Hormone Therapy and Weight Management

Pills in bottles
Pills in bottles. Photo © Microsoft

When your doctor receives your pathology report following your surgery, he or she will be able to tell you if you will benefit from hormone therapy after you complete active treatment. Active treatment may include either radiation therapy or chemotherapy or both, depending on the stage of your cancer. There are drugs categorized as hormone therapy that help reduce the risk of a breast cancer coming back after surgery.

Usually taken in pill form, daily, for a  period of 5 years or possibly longer, these drugs have side-effects that include, but are not limited to fatigue, hot flashes, vaginal dryness or discharge, and mood swings. Weight gain can also be a side-effect that presents a real challenge.

It is hard not to get discouraged as you gain weight, especially if you are trying to cope with some of the other side effects of taking hormone therapies. Yet, these therapies have a proven track record of success in preventing recurrences and need to be taken as directed.

Many of us need help and guidance in maintaining our weight during the years we are receiving hormone therapy. Hospitals and cancer treatment centers usually have a nutritionist on staff who are familiar with the weight gain side-effects of these drugs. If your insurance does not cover seeing a nutritionist, check out the free seminars that are available where you receive care or other treatment facilities in your area.
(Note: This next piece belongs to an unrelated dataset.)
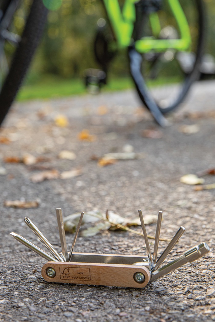 Шестигранный инструмент, изготовленный из 100% бука FSC и углеродистой стали высокой твердости и коррозионной стойкости (#45). Твердость по Роквеллу 40-45. Изделие поставляется с 9 функциями: шестигранный ключ 5,5 мм; шестигранный ключ 2 мм; шестигранный ключ 2,5 мм; шестигранный ключ 3 мм; шестигранный ключ 4 мм; шестигранный ключ 5 мм; шестигранный ключ 6 мм; отвертка Philips; плоская отвертка. Упаковано в коробку FSC mix kraft.

They usually include talks by nutritionists.

In addition to eating a well-balanced diet that takes into consideration a tendency to gain weight as a possible side-effect of hormone therapy, it is important to get into an exercise routine that helps keep weight off. Seek the help of your treatment team.
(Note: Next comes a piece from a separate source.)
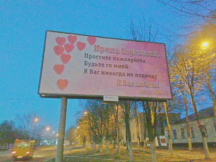 В марте на улице 1 Мая, 173 на билборде фирмы Octagon появилось любовное послание некой Ирине Сергеевне. Надпись исполнена на розовом фоне с сердечками. Сообщение гласит:

First, get cleared by your doctor to resume your pre-cancer exercise routine if it is something you enjoyed and help you maintain a healthy weight. If you didn’t have an exercise program you need to get one. Once again, start with where you were treated; attend some free exercise classes designed for women on hormone therapy.

Don’t be tempted to try weight loss supplements for a fast way of shedding pounds. Remember that, while on hormone therapy, you need to be monitored by a medical oncologist. This is the person you need to run all your medications by, including supplements. The oncologist needs to sign off on what you are taking to insure there is no conflict with what you are taking as a hormone therapy.

You also need to consider what the Federal Drug Administration, FDA, has to say about these products.

The FDA has found hundreds of products that are marketed as dietary supplements but actually contain hidden active ingredients (the components that make a medicine effective against a specific illness) that are found in prescription drugs, as well as unsafe ingredients that were in drugs that have been removed from the market, and compounds that have not been adequately studied in humans.

For example,the  FDA has found weight-loss products tainted with the prescription drug ingredient Sibutramine.This ingredient was in an FDA-approved drug called Meridia that was removed from the market in October 2010 because it caused heart problems and strokes.

Most recently, the FDA found a number of products marketed as dietary supplements containing Fluoxetine, the active ingredient found in Prozac, a prescription drug marketed for the treatment of depression and other conditions. Another product contained Triamterene, a powerful diuretic (sometimes known as “water pills”) that can have serious side-effects and should only be used under the supervision of a health care professional.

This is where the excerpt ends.